List of Subjects in 29 CFR Part 4022

    Pension insurance, Pensions, Reporting and recordkeeping 
requirements.

0
In consideration of the foregoing, 29 CFR part 4022 is amended as 
follows:

PART 4022--BENEFITS PAYABLE IN TERMINATED SINGLE-EMPLOYER PLANS

0
1. The authority citation for part 4022 continues to read as follows:

    Authority: 29 U.S.C. 1302, 1322, 1322b, 1341(c)(3)(D), and 1344.


0
2. Appendix D to part 4022 is amended by adding a new entry to the end 
of the table to read as follows. The introductory text is reproduced 
for the convenience of the reader and remains unchanged.
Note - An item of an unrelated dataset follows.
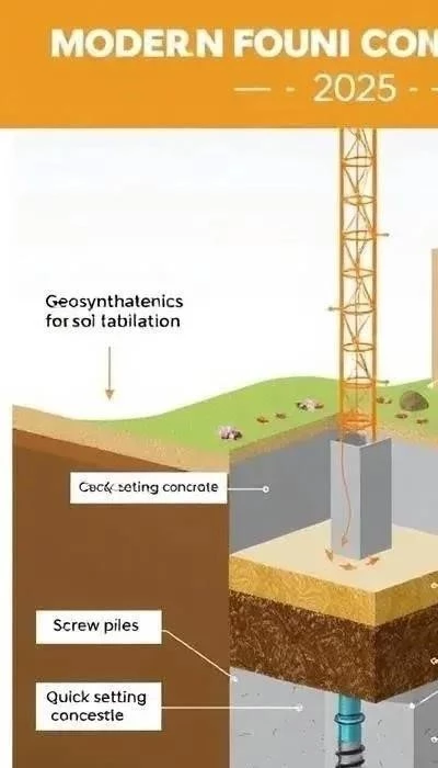 В 2025 году строительство фундаментов преобразится! Геосинтетические материалы, быстротвердеющий бетон и винтовые сваи – ключевые тренды. 3D-печать фундаментов – инновация будущего!

Appendix D to Part 4022--Maximum Guaranteeable Monthly Benefit

    The following table lists by year the maximum guaranteeable 
monthly benefit payable in the form of a life annuity commencing at 
age 65 as described by Sec.  4022.22(b) to a participant in a plan 
that terminated in that year:

------------------------------------------------------------------------
                                                            Maximum
                         Year                            guaranteeable
                                                        monthly  benefit
------------------------------------------------------------------------
 
                                * * * * *
2009.................................................          $4,500.00
------------------------------------------------------------------------


    Issued in Washington, DC, this 21st day of November, 2008.
Vincent K. Snowbarger,
Deputy Director for Operations, Pension Benefit Guaranty Corporation.